Street Smartypants COMPANY TheStreet.com, Co-Founder and Columnist NET WORTH $58 million AGE 44 E-MAILjjc@thestreet.com BIO With a perfect eye for brand positioning, the hyperactive, know-it-all,
anything-for-a-trade Jim Cramer has come to personify the tech-fueled bull market
he promotes. His "trading turret" reports arm do-it-yourself Web investors going
up against Wall Street pros. While strict editorial rules keep him away from the
newsies, Cramer's voice still dominates TheStreet.com even as the site has grown
from a one-man soapbox into a serious online-news organization. Fittingly,
TheStreet.com went public earlier this year, seeing its shares first inflate to
unearthly heights, then fall back to earth--just the kind of market saga Cramer
likes to chronicle (see "How It Feels to Lose $150 Million," Time, Aug. 16).
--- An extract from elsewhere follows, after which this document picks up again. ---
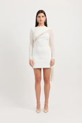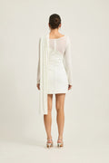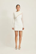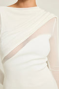 - Remainder of dress is designed in double-bonded crepe stretch fabrication

By day, Cramer works as a professional hedge-fund manager. His amateur
counterpart is "Tokyo" Joe Park, bottom, the best known of the bulletin-board
stock gurus and one of the country's most influential stock pickers. Tokyo Joe
built his investing reputation post by boastful post on the rough-and-tumble
public discussions of the Silicon Investor (www.siliconinvestor.com), and he has
more than 1,000 investors paying $100 a month to read his online tipsheet,
Societe Anonyme. Cramer's and Park's pronouncements have been known to move
markets--a power formerly reserved for Wall Street analysts and venerable sources
like the Wall Street Journal's Heard on the Street column.
FORWARD TILT Cramer's bully pulpit will carry him far--even if TheStreet.com's
stock doesn't recover. But new leaders like Park make it uncertain that the
market mob will listen to any one voice for long.